__Task details__. Ignoring the pictures, copy the data exactly.

__Information provided__.
--------------------

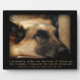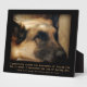 A memorial to our pets who are gone from this earth but alive in our hearts. A gorgeous German Shepherd Dog lays sleeping. Up against a dramatic, black background, it makes a stunning tribute. A wonderful remembrance gift for that special person who lost that special pet. Keep the plaque as it is or personalise with your own pet's name or other info you wish to include.
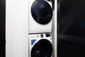 El apartamento con aire acondicionado de el alojamiento dispone de 2 dormitorios, sala de estar, cocina con nevera y cafetera, y 2 baños con ducha y artículos de aseo gratis. El apartamento Elegant Corner Penthouse with Private Balcony, Skyline Views, Pool, and Gym dispone de toallas y ropa de cama.
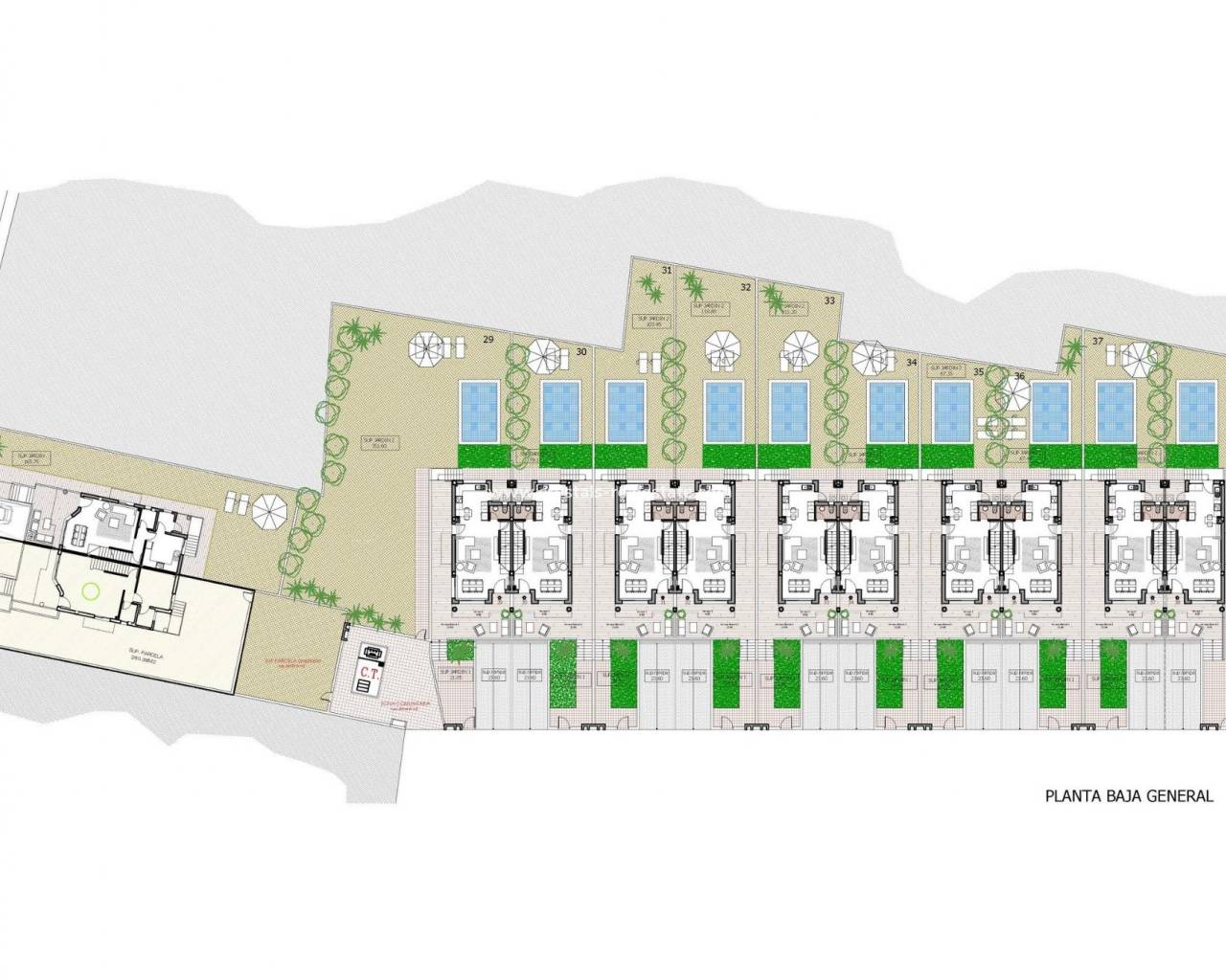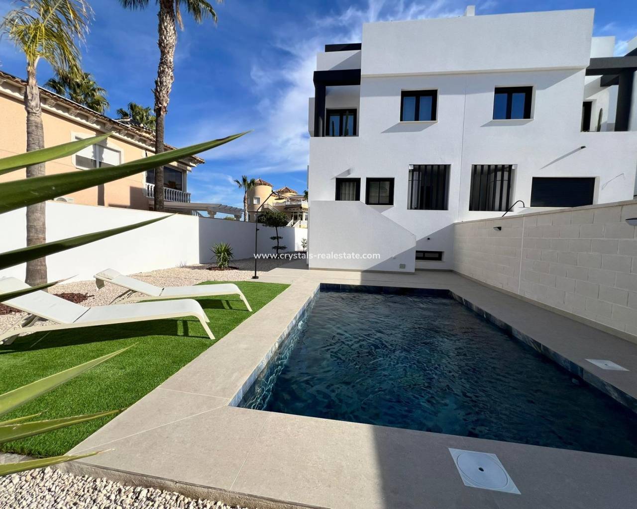 Moderne, neu gebaute Doppelhaushälften in Benferri, Alicante Exklusive Neubauwohnanlage im Benfis Park Entdecken Sie dieses neue Bauprojekt mit 10 modernen Doppelhaushälften im Benfis Park in Benferri, im Herzen der Region Vega Baja in Alicante. Diese charmante Stadt bietet eine ruhige Wohnatmosphäre mit gepflegten Straßen und einer einladenden Gemeinschaft, ideal für Familien, Rentner oder alle, die einen entspannten Lebensstil unter der mediterranen Sonne suchen. Benferri verbindet ländlichen Charme mit einer hervorragenden Anbindung an nahegelegene Städte, Strände und wichtige Verkehrsverbindungen. Geräumige Villen mit privatem Solarium Jede Villa hat eine Gesamtfläche von 222 m² und erstreckt sich über drei Etagen sowie ein privates Solarium. Im Untergeschoss befinden sich eine Garage mit Platz für zwei Autos und ein Abstellraum. Das Erdgeschoss verfügt über einen hellen, offenen Wohn- und Essbereich mit einer modernen Küche, einer Waschküche und einer Gästetoilette mit direktem Zugang zu einer Terrasse, die das Haus umgibt. Im ersten Stock befinden sich drei Schlafzimmer und zwei Badezimmer, eines davon en suite, sowie zwei Terrassen, die zwei der Schlafzimmer bedienen. Die oberste Etage bietet ein privates Solarium von ca. 39 m², das sich perfekt zum Sonnenbaden, Essen im Freien oder Entspannen mit freiem Blick eignet. Moderne Ausstattung und optionaler Pool Die Villen verfügen über eine voll ausgestattete Küche mit Elektrogeräten und eine Vorinstallation für eine Klimaanlage. Ein privater Swimmingpool ist als optionale Zusatzausstattung erhältlich, sodass Käufer ihr Haus weiter personalisieren können. Das Design konzentriert sich auf Komfort, Funktionalität und natürliches Licht und schafft so ein modernes Wohnumfeld, das sich ideal für das ganze Jahr oder für den Urlaub eignet. Leben in Benferri Vega Baja Benferri liegt nur wenige Minuten von Orihuela entfernt und profitiert von einer schnellen Anbindung an die Autobahn AP 7, sodass die Strände der Costa Blanca, der Flughafen Alicante Elche und die wichtigsten Einkaufs- und Freizeitmöglichkeiten schnell und bequem zu erreichen sind. Die umliegende Landschaft ist geprägt von fruchtbarem Ackerland, sanften Hügeln und mediterraner Landschaft, die ein Gefühl des Wohlbefindens und der Verbundenheit mit der Natur vermitteln. Die Stadt bietet alle wichtigen Dienstleistungen wie Supermärkte, Schulen, Sportanlagen und eine lebendige lokale Atmosphäre das ganze Jahr über. Entfernungen zu Sehenswürdigkeiten Orihuela 8 km Strand von Guardamar del Segura 25 km La Finca Golf Resort 18 km Vistabella Golf 14 km Flughafen Alicante Elche 45 km Hafen von Torrevieja 32 km Einkaufszentrum Zenia Boulevard 30 km Ihr neues Zuhause an der Costa Blanca Diese neu gebauten Doppelhaushälften in Benferri bieten großzügigen Platz, modernes Design und eine strategisch günstige Lage in der Nähe von Stränden, Golfplätzen und wichtigen Dienstleistungen. Kontaktieren Sie uns noch heute, um weitere Informationen zu erhalten oder einen privaten Besichtigungstermin zu vereinbaren.
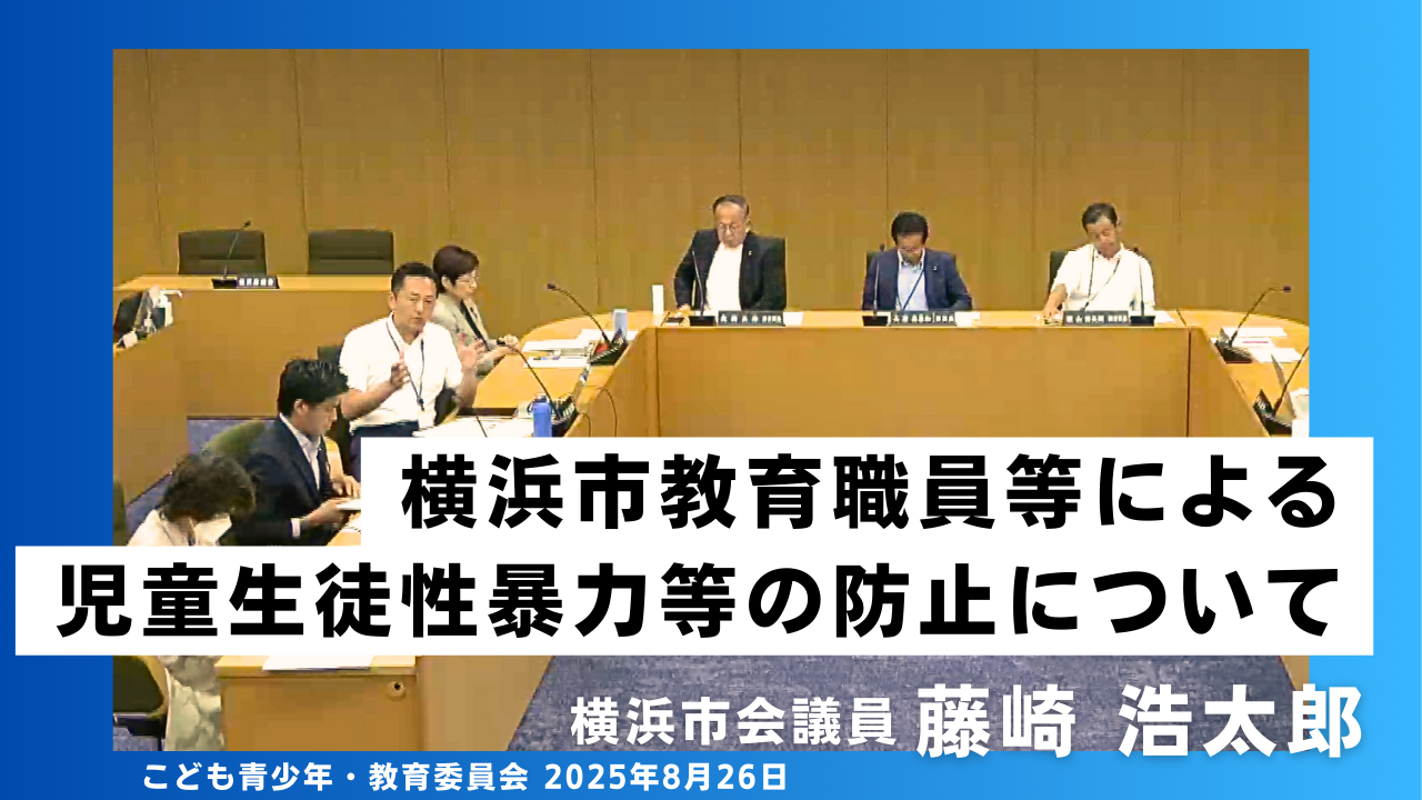 8月26日(火)、横浜市会令和7年度こども青少年・教育委員会におきまして、教育職員等による児童生徒性暴力の防止についての質疑が行われました。

--------------------

__Task output__.
 A memorial to our pets who are gone from this earth but alive in our hearts. A gorgeous German Shepherd Dog lays sleeping. Up against a dramatic, black background, it makes a stunning tribute. A wonderful remembrance gift for that special person who lost that special pet. Keep the plaque as it is or personalise with your own pet's name or other info you wish to include.
 El apartamento con aire acondicionado de el alojamiento dispone de 2 dormitorios, sala de estar, cocina con nevera y cafetera, y 2 baños con ducha y artículos de aseo gratis. El apartamento Elegant Corner Penthouse with Private Balcony, Skyline Views, Pool, and Gym dispone de toallas y ropa de cama.
 Moderne, neu gebaute Doppelhaushälften in Benferri, Alicante Exklusive Neubauwohnanlage im Benfis Park Entdecken Sie dieses neue Bauprojekt mit 10 modernen Doppelhaushälften im Benfis Park in Benferri, im Herzen der Region Vega Baja in Alicante. Diese charmante Stadt bietet eine ruhige Wohnatmosphäre mit gepflegten Straßen und einer einladenden Gemeinschaft, ideal für Familien, Rentner oder alle, die einen entspannten Lebensstil unter der mediterranen Sonne suchen. Benferri verbindet ländlichen Charme mit einer hervorragenden Anbindung an nahegelegene Städte, Strände und wichtige Verkehrsverbindungen. Geräumige Villen mit privatem Solarium Jede Villa hat eine Gesamtfläche von 222 m² und erstreckt sich über drei Etagen sowie ein privates Solarium. Im Untergeschoss befinden sich eine Garage mit Platz für zwei Autos und ein Abstellraum. Das Erdgeschoss verfügt über einen hellen, offenen Wohn- und Essbereich mit einer modernen Küche, einer Waschküche und einer Gästetoilette mit direktem Zugang zu einer Terrasse, die das Haus umgibt. Im ersten Stock befinden sich drei Schlafzimmer und zwei Badezimmer, eines davon en suite, sowie zwei Terrassen, die zwei der Schlafzimmer bedienen. Die oberste Etage bietet ein privates Solarium von ca. 39 m², das sich perfekt zum Sonnenbaden, Essen im Freien oder Entspannen mit freiem Blick eignet. Moderne Ausstattung und optionaler Pool Die Villen verfügen über eine voll ausgestattete Küche mit Elektrogeräten und eine Vorinstallation für eine Klimaanlage. Ein privater Swimmingpool ist als optionale Zusatzausstattung erhältlich, sodass Käufer ihr Haus weiter personalisieren können. Das Design konzentriert sich auf Komfort, Funktionalität und natürliches Licht und schafft so ein modernes Wohnumfeld, das sich ideal für das ganze Jahr oder für den Urlaub eignet. Leben in Benferri Vega Baja Benferri liegt nur wenige Minuten von Orihuela entfernt und profitiert von einer schnellen Anbindung an die Autobahn AP 7, sodass die Strände der Costa Blanca, der Flughafen Alicante Elche und die wichtigsten Einkaufs- und Freizeitmöglichkeiten schnell und bequem zu erreichen sind. Die umliegende Landschaft ist geprägt von fruchtbarem Ackerland, sanften Hügeln und mediterraner Landschaft, die ein Gefühl des Wohlbefindens und der Verbundenheit mit der Natur vermitteln. Die Stadt bietet alle wichtigen Dienstleistungen wie Supermärkte, Schulen, Sportanlagen und eine lebendige lokale Atmosphäre das ganze Jahr über. Entfernungen zu Sehenswürdigkeiten Orihuela 8 km Strand von Guardamar del Segura 25 km La Finca Golf Resort 18 km Vistabella Golf 14 km Flughafen Alicante Elche 45 km Hafen von Torrevieja 32 km Einkaufszentrum Zenia Boulevard 30 km Ihr neues Zuhause an der Costa Blanca Diese neu gebauten Doppelhaushälften in Benferri bieten großzügigen Platz, modernes Design und eine strategisch günstige Lage in der Nähe von Stränden, Golfplätzen und wichtigen Dienstleistungen. Kontaktieren Sie uns noch heute, um weitere Informationen zu erhalten oder einen privaten Besichtigungstermin zu vereinbaren.
 8月26日(火)、横浜市会令和7年度こども青少年・教育委員会におきまして、教育職員等による児童生徒性暴力の防止についての質疑が行われました。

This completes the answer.